After Pichushkin's arrest in June 2006, a reporter from Russia's NTV network asked him the simple question, "Why?" Pichushkin's response was, "Well, that's the way it ought to be. How should I put it more clearly? You see, life for me is like life without food for you -- a craving. I felt like the father of those people. After all, I opened the door to another world for them. I released them into a new life."
Doctors at the Serbsky Institute in Moscow, Russia's most respected psychiatric clinic, have pronounced Pichushkin sane. According to investigators and psychiatrists, Pichushkin has never had any documented mental disorder, has an average intelligence level and has never had any extreme tendencies.
"Serial killers need medical attention, but they never reveal themselves until their actions become obvious to other people," psychiatrist Alexander Gonopolsky told AP Television.
According to authorities, Pichushkin's favored way of living out his murderous streak was to pick out mostly middle-aged men, although not only, then suggest a glass, or two, of vodka over the grave of his beloved dog buried in the Bitsevsky Park. Then he would attack from behind by shattering the victim's head with a hammer or a steel rod.
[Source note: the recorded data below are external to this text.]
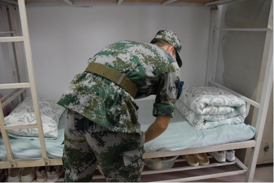 出门看队列,进门看内务。军训内务整理,是军训的必修课之一,也是军训生活的基础。评比前,军训教官为新生演示内务整理的细节和方法,新生们仔细听、认真看、用心记,争取将内务整理做的更好。根据员工军训内务检查评比标准,围绕“床铺布置”、“用品摆放”、“房间整洁程度”等方面对新生宿舍进行了检查。同学们以积极主动的态度面对检查,用更高标准要求自己。新生宿舍室内干净整洁,床铺被褥铺置整齐,生活用品摆放有序,宿舍氛围温馨和谐,领导、老师及教官对内务整理优秀的宿舍提出了表扬,也对全体新生提出了严格要求。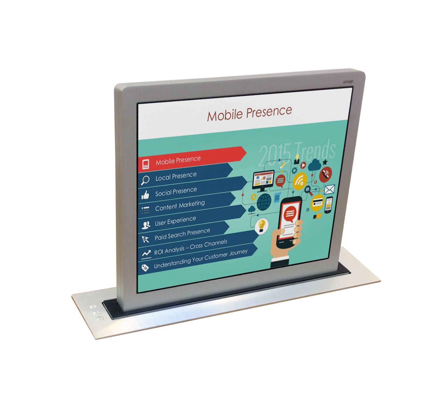 Asansörlü dijital bilgilendirme ekranları şık alüminyum gövdesi, dekoratif görünümü ve isteğe bağlı çoklu dokunmatik özelliğiyle prestijli ortamlarda kullanılmak üzere tasarlanmıştır. Gizlenebilir mekanizması sayesinde ihtiyaç esnasında masa üstüne çıkar, kullanımı bittikten sonra kolayca kapanır.Öne Çıkan Özellikler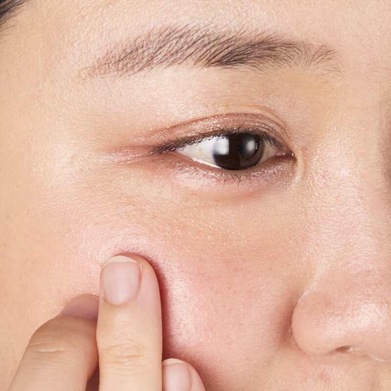 ーStep1.上まぶたの中央をメインに、「01E ルミナスグロー」を指でトントンとまぶた全体にのせます。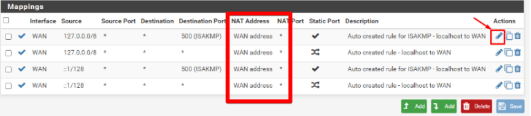 - 在“映射”窗口中,更改每个广域网周长到开放VPN。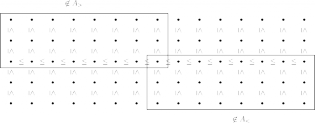 Zademonstrujemy to na następujacym przykładzie posegregowania tablicy liczbowej \( A[1..n] \) względem elementu \( x \). Dla zbiorów pozycji \( X,Y \) tablicy \( A \) piszemy \( X < Y \) gdy każda pozycja w X jest mniejsza od każdej pozycji w \( Y \). Piszemy \( A[X] < a \) gdy wartości na pozycjach X są mniejsze od a (podobnie z równością).

"I liked the sound of a skull splitting," he told prosecutors. Pichushkin sometimes rammed twigs or a vodka bottle into the shattered skull. He then threw most of his victims into a nearby sewage well.
Hundreds of police were deployed to sweep the 6.6-square-mile park for suspects, and at one point in March 2006, police thought they had broken the case. They shot and arrested a man who had threatened them with a knife.
Within a week, two more murder victims were found in the park. Clearly, the killer was still on the rampage. Pichushkin later admitted to the investigators that he had known about the arrest and wanted to show that in this game of cat and mouse he still had the upper hand.
Russian police officers have the right to check citizens' identity documents and Pichushkin's had been checked in the park on more than one occasion. No officer had ever found anything suspicious about this well-dressed and clean-cut man.
In June 2006 Pichushkin was detained, among other suspects, on the vague suspicion of killing his supermarket co-worker whose body had been found in Bitsevsky Park. Officers found Pichushkin's name and phone number on a piece of paper in the apartment of his last victim.
She had apparently become suspicious of Pichushkin, and had left behind a note so police would be able to track him down — just in case. Pichushkin denied involvement at first, but when confronted with subway surveillance camera footage showing him with his future victim, he confessed to the crime. Police said he even gave them the hammer he had used to kill the woman.
To those who knew Pichushkin, he was a polite and even sensitive man. A BBC reporter spoke with his downstairs neighbor, 70-year-old Svetlana Mortyakova, "He called me Auntie Sveta. He loved animals — and was inconsolable if a pet died." But then she said with a shudder, "For 40 years I lived in the same house with a maniac!"